Physiological Assessment of Pain

Doctoral dissertation; cortical evoked potentials; automated electrophysiological pain assessment

Citation

Duhamel, P. (2002). Physiological assessment of pain (Doctoral dissertation, University of Nevada, Reno, Program in Cognitive and Brain Sciences).

Project context

This doctoral research investigated whether cortical evoked potentials could serve as objective indicators of the presence and severity of musculoskeletal pain.

The work combined experimental pain induction with electrophysiological recording to evaluate neurophysiological responses under symptomatic and asymptomatic conditions.

PerceptMX technology role

The project involved the design and engineering of an automated electrophysiological assessment system capable of stimulus control, signal acquisition, and real-time processing.

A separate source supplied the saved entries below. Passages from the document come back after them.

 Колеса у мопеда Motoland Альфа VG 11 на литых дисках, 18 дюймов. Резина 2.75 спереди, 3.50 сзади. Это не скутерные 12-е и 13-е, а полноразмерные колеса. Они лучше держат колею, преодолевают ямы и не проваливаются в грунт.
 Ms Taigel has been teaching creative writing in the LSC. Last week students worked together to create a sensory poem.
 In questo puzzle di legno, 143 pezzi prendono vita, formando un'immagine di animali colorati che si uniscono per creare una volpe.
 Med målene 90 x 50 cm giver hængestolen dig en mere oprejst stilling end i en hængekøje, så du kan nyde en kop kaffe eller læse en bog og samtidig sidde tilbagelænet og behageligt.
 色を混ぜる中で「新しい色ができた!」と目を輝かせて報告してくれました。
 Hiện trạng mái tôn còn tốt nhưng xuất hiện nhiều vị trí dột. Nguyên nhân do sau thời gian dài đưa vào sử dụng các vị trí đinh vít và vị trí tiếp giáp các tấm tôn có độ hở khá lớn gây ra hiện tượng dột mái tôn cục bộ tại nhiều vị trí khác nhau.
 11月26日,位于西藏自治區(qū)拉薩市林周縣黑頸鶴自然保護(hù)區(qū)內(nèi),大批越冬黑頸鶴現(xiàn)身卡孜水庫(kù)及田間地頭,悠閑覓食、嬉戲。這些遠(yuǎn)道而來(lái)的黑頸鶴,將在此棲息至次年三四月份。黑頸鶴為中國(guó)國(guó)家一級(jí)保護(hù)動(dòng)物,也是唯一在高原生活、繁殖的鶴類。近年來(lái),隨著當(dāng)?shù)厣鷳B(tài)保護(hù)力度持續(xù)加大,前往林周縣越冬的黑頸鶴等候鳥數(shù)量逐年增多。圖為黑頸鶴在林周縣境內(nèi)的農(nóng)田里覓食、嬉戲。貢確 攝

Custom algorithms were developed for component detection, peak extraction, amplitude and latency quantification, and automated classification of evoked potential features.

Methodological contribution

A repeated-measures experimental design examined cortical responses across baseline and post-exercise time points during delayed onset muscle soreness.

Advanced signal processing methods, including wavelet-based transformations, were implemented to enhance component identification stability and reduce subjectivity in peak detection.

Electrophysiological waveform components were quantified and analyzed in relation to concurrent self-reported pain intensity ratings to evaluate graded response patterns.

Outcome or impact

Amplitude characteristics of specific evoked potential components varied systematically with self-reported pain intensity, supporting a graded neurophysiological correlate of pain severity.

Electrophysiological features, including relative N4 amplitude measures, differentiated symptomatic from asymptomatic muscle during peak soreness intervals.

The findings supported the feasibility of automated cortical evoked potential analysis as a quantitative approach to pain presence detection and severity modeling.